Today in "Economists Are NOT Totally Clueless" (Part 3 of 4)

Pete Davis:

Treasury Secretary Hank Paulson initially sold Congress in the fall of 2008 on emergency intervention to purchase “toxic assets,” but quickly reversed course in favor of direct capital injections. Those favored financial institutions revived more quickly than most thought possible and most of those injections have already been paid back. However, most of the toxic assets remain on bank balance sheets, impeding new lending. [emphases mine]

At the end of the last post, I was ready to discuss “deadweight loss.” But a brief detour seems in order.

We used to talk a lot at this blog about DSGE models. Economists talk a lot about Equilibrium, even if they don’t fully understand it. At its core, saying “equilibrium” is saying “this is the best of all possible worlds.”  You can’t improve on equilibrium unless you choose a non-Pareto-optimal solution (i.e., a solution in which at least one person is affected negatively).

Equilibrium doesn’t mean you have achieved ideal social welfare. (Anyone who has looked at Game Theory for more than a minute can tell you that.)  But it does mean that things are “hitting on all cylinders.”  Or, more accurately, if the economy is not at equilibrium, the odds are better that people making choices will make mistakes.

Which is why I pointed to Brenda Rosser and especially this

“The way out of this thing is a shift in the way we treat the LDC debt,” Coldwell argued. “The banks would have to take a big hit on their balance sheets, but then it’s over. If you give them a definitive hit, then they could say it’s behind us.

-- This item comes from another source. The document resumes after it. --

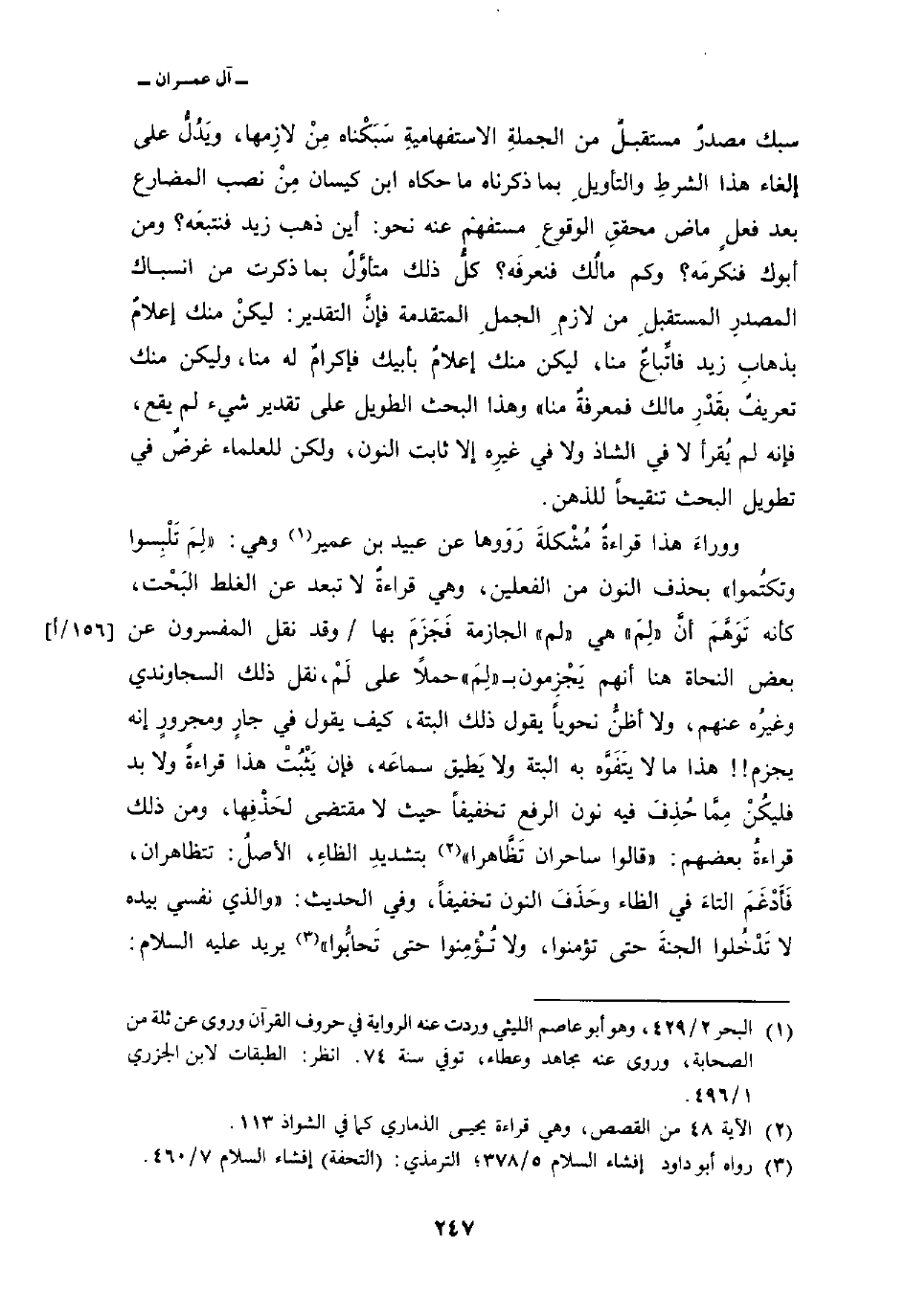 ووراءَ هذا قراءةٌ مُشْكلةَ رَوَوها عن عبيد بن عمير وهي» لِمَ تَلْبِسوا وتكتُموا «بحذف النون من الفعلين، وهي قراءةٌ لا تبعد عن الغلط البَحْت، كأنه تَوَهَّمَ أنَّ» لِمَ «هي» لم «الجازمة فَجَزَمَ بها/ وقد نقل المفسرون عن بعض النحاة هنا أنهم يَجْزِمون ب» لِمَ «حملاً على لَمْ، نقل ذلك السجاوندي وغيرُه عنهم، ولا أظنُّ نحوياً يقول ذلك البتة، كيف يقول في جارٍ ومجرورٍ إنه يجزم!! هذا ما لا يتَفَوَّه به البتة ولا يَطيق سماعَه، فإن يَثْبُتْ هذا قراءةً ولا بد فليكُنْ مِمَّا حُذِفَ فيه نون الرفع تخفيفاً حيث لا مقتضى لحَذْفِها، ومن ذلك قِراءةُ بعضهم: {قَالُواْ ساحران تَظَّاهَرَا} [القصص: 48] بتشديدِ الظاءِ، والأصلُ: تتظاهران، فَأَدْغَمَ التاءَ في الظاء وحَذَفَ النون تخفيفاً، وفي الحديث:» والذي نفسي بيده لا تَدخُلوا الجنةَ حتى تؤمنوا، ولا تُؤمِنوا حتى تَحابُّوا «يريد عليه السلام: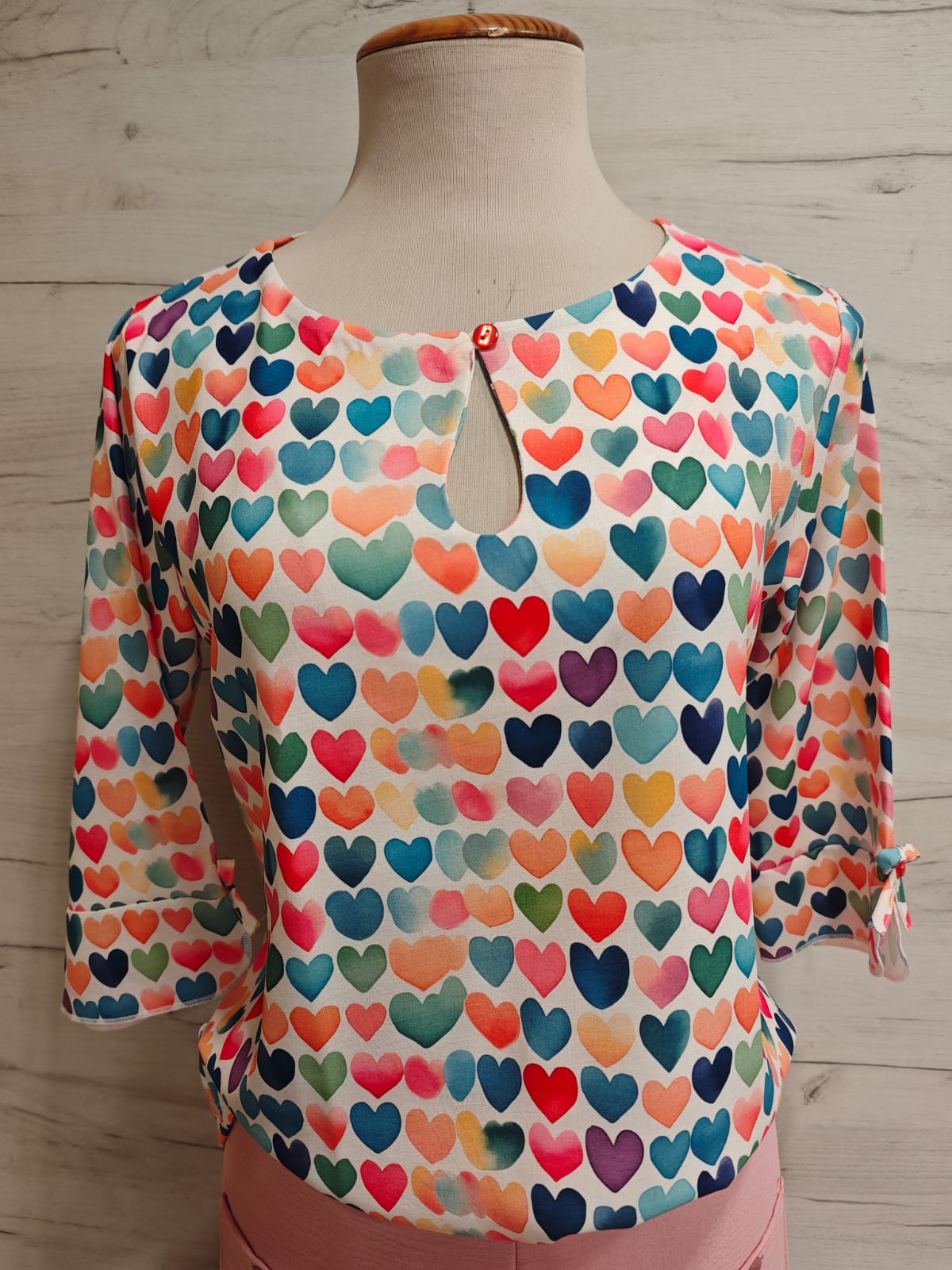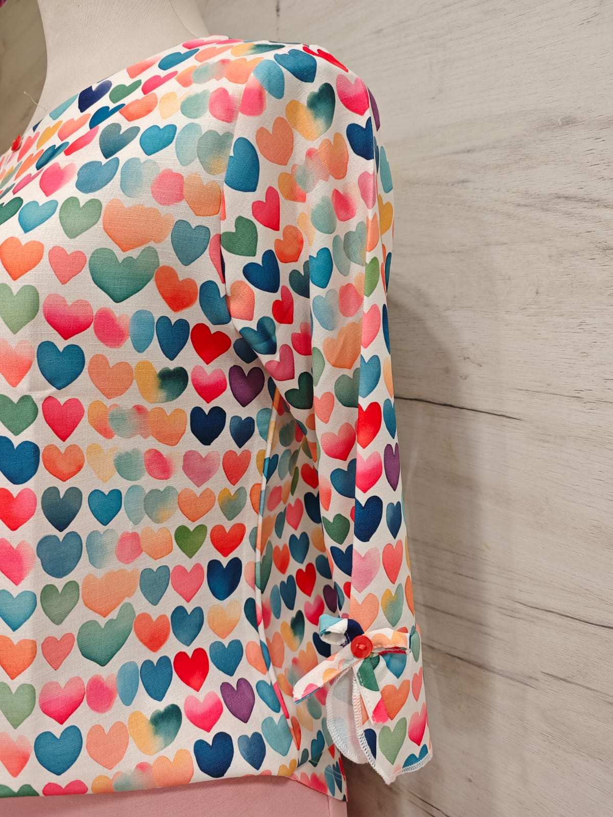 Blusa de tela con corazones de colores de hombro sentado con cuello redondo y un cierre delantero en forma de lagrima con un cierre con un botón. Media manga con puño acabado en volante con un bonito detalle con un lazo y un botón.

If you get down to a crisis stage, the banks would accept that. They would have no choice.” — William Greider. ‘The Secrets of the Temple – How the Federal Reserve Runs the Country’ Touchstone 1989. Page 549

If the banks take that hit, we’re back at equilibrium.  If they don’t, they continue to make suboptimal choices.  Which brings us back to the graphic.

There were several good suggestions for refinement in the comments, none of which can I do at the moment, since I’m working solely from FRED data. (General response: those acquisitions, especially WaMu, were made on terms that were agreeable to all acquiring parties. Which doesn’t mean those acquisitions may not be affecting the flow, but it’s likely more a question of acceleration than velocity, especially given the relative sizes of the institutions.)

But the FRED data is damning enough.  The risk management procedures at larger institutions were significantly worse than they were at smaller ones.  And the bigger they are, the worse they are becoming:

With several waves of doubt still to come, we are (choose one) (a) far from equilibrium or (b) still making suboptimal choices.

So let’s do a finger exercise.

Mortgages Outstanding approx. $11 trillion (Q4 2008)

Amount at risk (SWAG)25%

Expected Losses $2.75T

Fed Holdings (TARP, TALF, CPLF, etc.) approx. $2.2 T

Remaining Balance Sheet Exposuren approx. $550B

25% at risk seems about right.  Slightly over 10% of that $11T was Home Equity Loans, and the outstanding household debt at that time was about 123% of national income while equity was around 40%.

But note that this assumes that all of the special facilities remain in place. For instance, per Hamilton’s graphic, the Fed now owns about $1T worth of MBSes. CR notes that this program “is scheduled to be complete by the end of Q1.”

Of course, there are some cures that would be worse than the disease.  Via alea’s Twitter feed, I see that either the headline writer or the speaker made a slip yesterday:

“There ought to be government-backed ABS,” said Fed economist Wayne Passmore in a presentation to the American Economic Association.

Note that the quote is not (just) MBS but ABS—asset-backed securities, including credit-card receivables, car loans, basically any form of consumer (or other) debt that can be securitized.  The result of this would be that your tax dollars would pay a bank for your default on a credit card that charged you 30% interest, despite the risk-free rate being something near 0%—and almost always in the 5-8% range.

The reason we like equilibrium is that people who make mistakes do so because they are “being irrational.” When we’re not at equilibrium, we realize that they make irrational decisions all the time.  In what I hope will be the last of this series, we’ll look at irrational and rational decisions—and why irrationality may be the best survival strategy.